From a physiological perspective, heartbeats and breathing do not operate independently in the human body. Cardiac rhythm varies with the respiratory cycle, and the close interaction between the two is known as cardiopulmonary coupling (CPC). CPC reflects the regulatory state of the autonomic nervous system and serves as an important physiological indicator for evaluating sleep quality, cardiovascular health, and stress levels.
For decades, however, cardiopulmonary coupling has been assessed almost exclusively using electrocardiogram electrodes, respiratory belts, or other contact-based sensors. While effective, these devices can compromise comfort and limit their use in home environments, long-term monitoring, and applications involving sensitive populations such as infants or post-operative patients.
In a study published in Intelligent Sports and Health , a research team led by Professor Rencheng Song at Hefei University of Technology presents a new solution: measuring cardiopulmonary coupling using only a standard video camera.
"Our bodies undergo extremely subtle surface changes with every breath and heartbeat, and cameras are capable of capturing this information," explains senior author of the study Rencheng. Song "This makes it possible to assess cardiopulmonary health under completely non-contact conditions."
The researchers developed an intelligent video-analysis framework that first automatically identifies facial and torso regions in video recordings. "From these regions, optical signals associated with blood flow variations—reflecting cardiac activity—and chest and abdominal motion—reflecting respiration—are synchronously extracted," says Song.
Through multi-region signal fusion and high-resolution time–frequency analysis, the method further improves signal stability and enhances the characterization of dynamic physiological changes. Experimental results showed that under different physiological conditions, including normal breathing and simulated apnea, the video-based approach produced cardiopulmonary coupling measurements that were highly consistent with those obtained using conventional contact-based devices.

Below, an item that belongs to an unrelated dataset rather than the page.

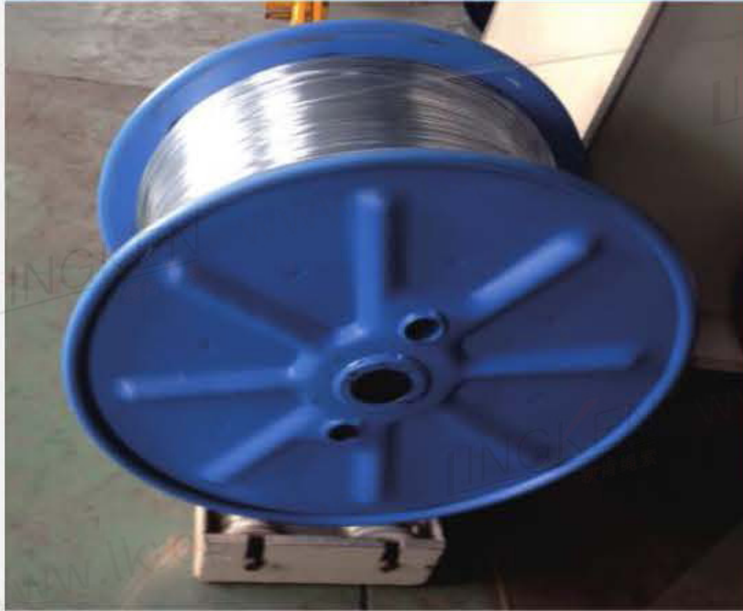
Iron Wheel 铁轮包装

Principal investigator Yi Qun Gao, noted that the work extends the application boundaries of non-contact physiological monitoring. "For a long time, cardiopulmonary coupling monitoring has depended mainly on medical equipment or wearable sensors. Our study demonstrates that remote video devices also have the potential to enable CPC assessment," he says.
The team highlighted that the approach is particularly well suited to scenarios requiring long-term, comfortable monitoring, such as in-home sleep health screening or remote post-operative rehabilitation. "In the future, such technology may even be integrated into smartphones or smart cameras, making health monitoring as natural as a video call," adds Gao.